Introduction to the New Lease Accounting Standard – IFRS 16
IFRS 16 sets out how an entity will recognize, measure, present, and disclose leases. The standard provides a single lessee accounting model in which the lessees shall recognize the right of use assets and lease liabilities for all leases unless its term is 12 months or less or the asset is of a low value. Meanwhile, lessors continue to classify leases as operating or finance leases, with the lessor accounting substantially unchanged from the superseded IAS 17.
Effectivity Date of IFRS 16
Date Issued | Effective Date |
January 2016 | Annual reporting periods beginning on or after January 1, 2019 |
IFRS 16 Superseded Standards
IFRS 16 replaced the following standards and interpretations:
- IAS 17 – Leases
- IFRIC 4 – Determining whether an Arrangement contains a Lease
- SIC-15 – Operating Leases – Incentives
- SIC-27 – Evaluating the Substance of Transactions Involving the Legal Form of a Lease
Issued IFRS 16 Standard
The official publication for IFRS 16 – Leases can be downloaded here – IFRS 16 Publication.
New Lease Standard Objectives
IFRS 16 establishes principles for the new lease accounting to ensure that lessors and lessees report information that:
(a) faithfully represents lease transactions and
(b) provides a basis for users of financial statements to assess the amount, timing, and uncertainty of cash flows arising from leases [IFRS 16:1].
Why Change to IFRS 16
The objective of transitioning to IFRS 16, the new lease standard, is to make sure that entities prepare information in a more transparent way. This is because many businesses hold large financial liabilities on their operating leases but since it is an operating lease, it is kept off the balance sheets giving a distorted view of an entity’s overall financial status.
According to the board, more than 85% of lease obligations, worth US$3.3 trillion, do not appear on listed company balance sheets (for companies using IFRS standards or US GAAP).
This makes it difficult for investors to compare companies since they still need to estimate the effects of an entity’s off-balance sheet lease commitments.
The IASB Chairman Hans Hoogervorst said that:
These new accounting requirements bring lease accounting into the 21st century, ending the guesswork involved when calculating a company’s often-substantial lease obligations.

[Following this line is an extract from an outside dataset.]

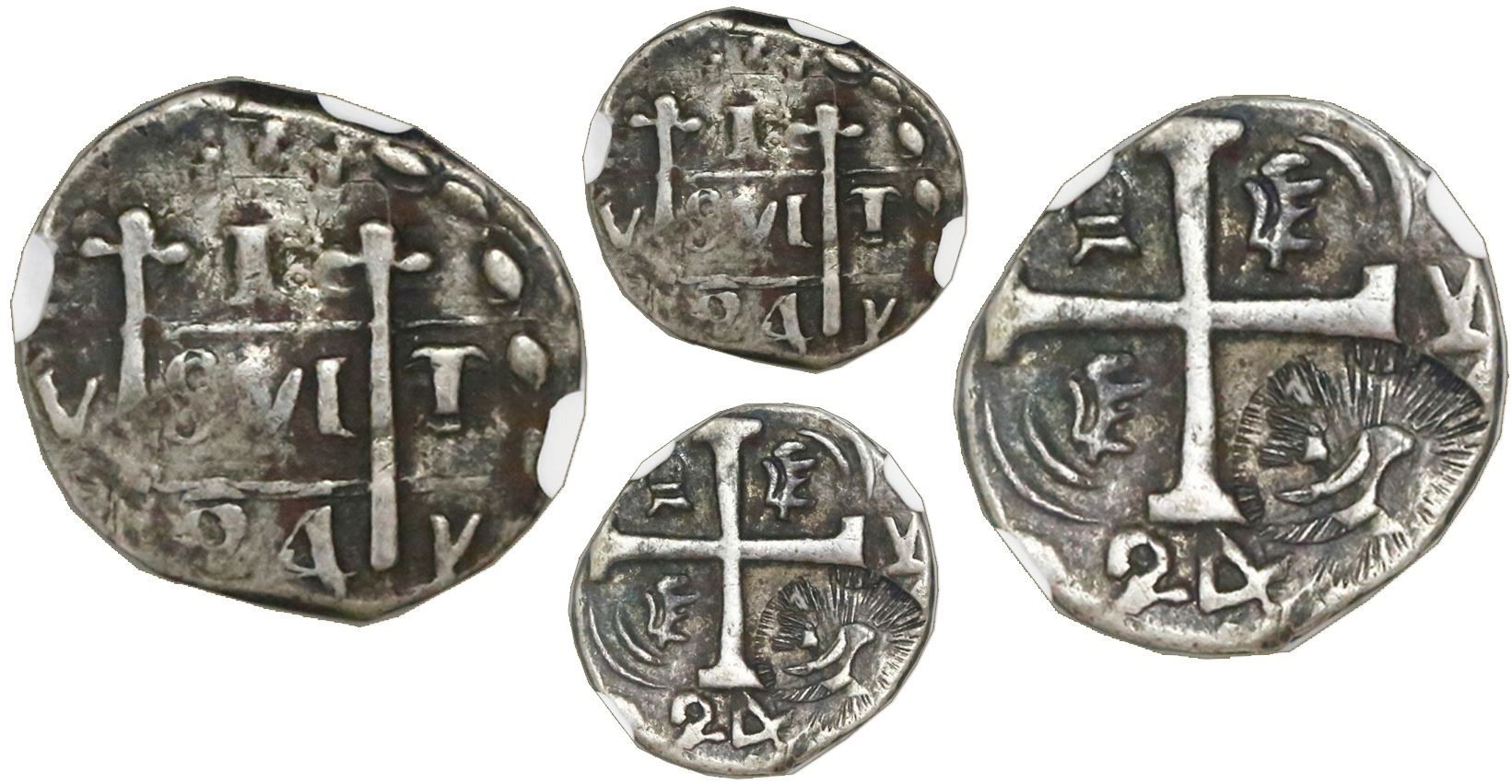 Leon, Nicaragua, liberty cap countermark (1824-5) on a Tegucigalpa, Honduras, provisional "imitation cob" 1 real 1824Y with backwards lions, NGC VF 30, c/s VF standard, ex-Richard Stuart (stated on label). KM-unl. 2.43 grams. Choice full countermark on cross side, the host deeply toned, with full but off-center cross and pillars, two dates and Y's, the design without any P's or M like on the rest of the "PMPY" series to which this belongs. Pedigreed to the Richard Stuart collection. NGC #4660732-011.

The new Standard will provide much-needed transparency on companies’ lease assets and liabilities, meaning that off-balance sheet lease financing is no longer lurking in the shadows. It will also improve comparability between companies that lease and those that borrow to buy.
IFRS 16 Scope
The new lease standard applies to all leases, including subleases, except for (IFRS 16:3):
- leases to explore for or use minerals, oil, natural gas and similar non-regenerative resources;
- leases of biological assets held by a lessee (see IAS 41 Agriculture);
- service concession arrangements (see IFRIC 12 Service Concession Arrangements);
- licences of intellectual property granted by a lessor (see IFRS 15 Revenue from Contracts with Customers); and
- rights held by a lessee under licensing agreements for items such as films, videos, plays, manuscripts, patents and copyrights within the scope of IAS 38 Intangible Assets
A lessee may apply IFRS 16 to leases of intangible assets, other than those items listed above (IFRS 16:4).
IFRS 16 Recognition Exemptions
An entity may elect not to apply IFRS 16 and account for the lease payments as an expense for the following:
- Leases with a term of 12 months or less with no purchase option – this election is made by a class of underlying assets.
- Leases where the asset has a low value when new – this election can be made on a lease-by-lease basis.